What is needed: For the data below, retype word for word the lines from the one containing "ASUS ROG family" through the one containing "Perfect Quality and"; drop the pictures.

Data excerpts:
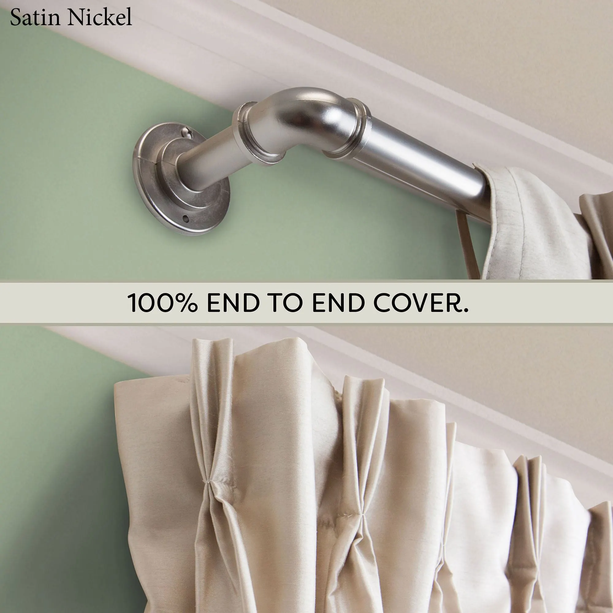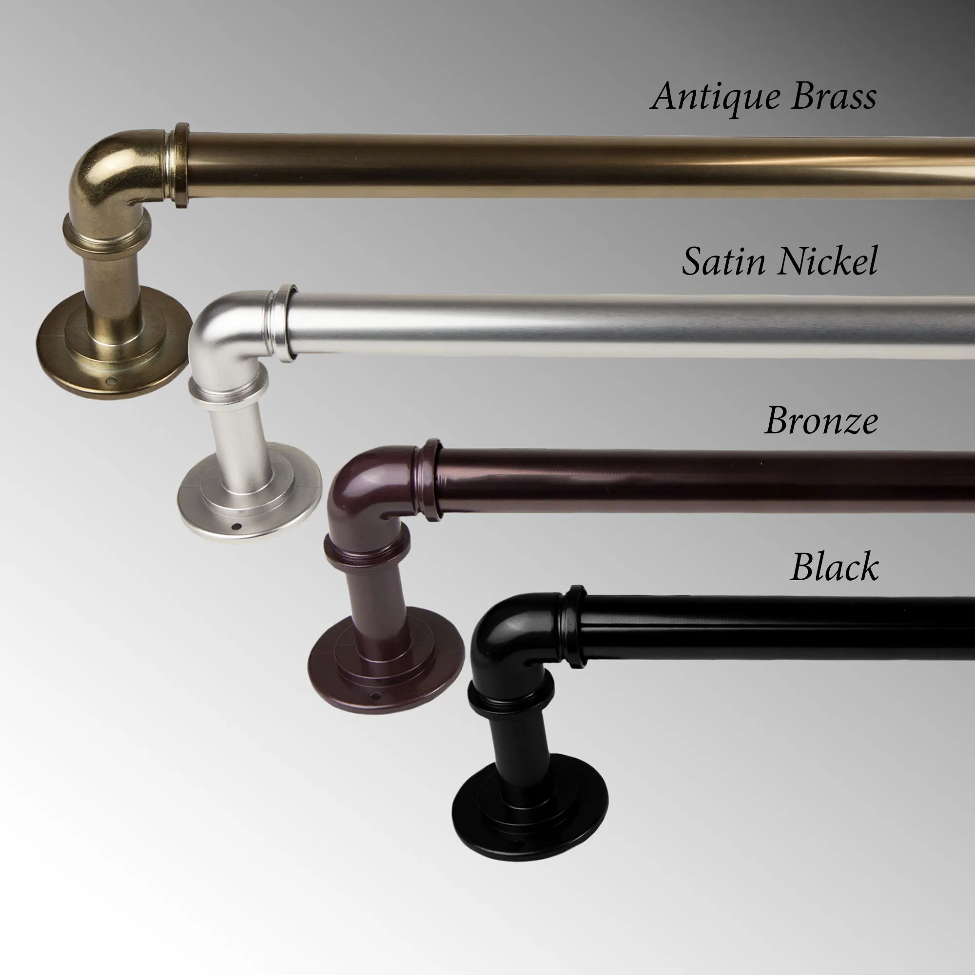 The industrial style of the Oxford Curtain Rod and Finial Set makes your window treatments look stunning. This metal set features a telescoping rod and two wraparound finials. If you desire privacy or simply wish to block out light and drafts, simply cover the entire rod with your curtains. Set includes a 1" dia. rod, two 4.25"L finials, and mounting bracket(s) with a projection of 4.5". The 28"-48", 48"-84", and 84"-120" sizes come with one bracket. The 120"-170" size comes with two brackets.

==

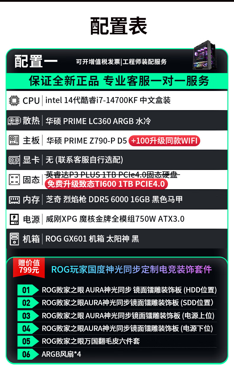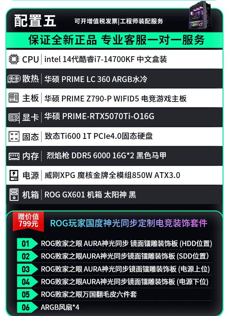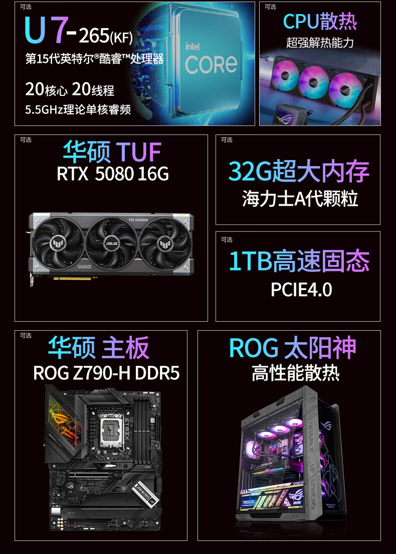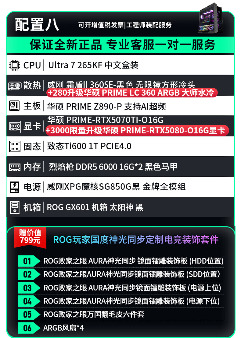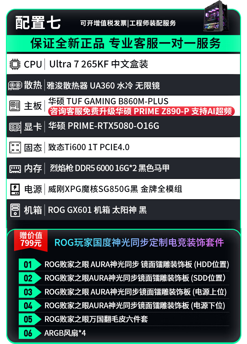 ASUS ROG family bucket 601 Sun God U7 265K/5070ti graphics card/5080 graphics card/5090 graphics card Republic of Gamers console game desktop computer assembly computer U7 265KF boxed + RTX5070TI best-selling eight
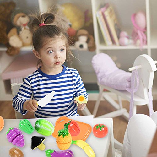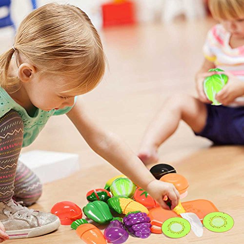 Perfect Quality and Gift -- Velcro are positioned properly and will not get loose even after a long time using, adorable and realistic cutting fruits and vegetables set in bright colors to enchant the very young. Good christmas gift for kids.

Response:
 ASUS ROG family bucket 601 Sun God U7 265K/5070ti graphics card/5080 graphics card/5090 graphics card Republic of Gamers console game desktop computer assembly computer U7 265KF boxed + RTX5070TI best-selling eight
 Perfect Quality and Gift -- Velcro are positioned properly and will not get loose even after a long time using, adorable and realistic cutting fruits and vegetables set in bright colors to enchant the very young. Good christmas gift for kids.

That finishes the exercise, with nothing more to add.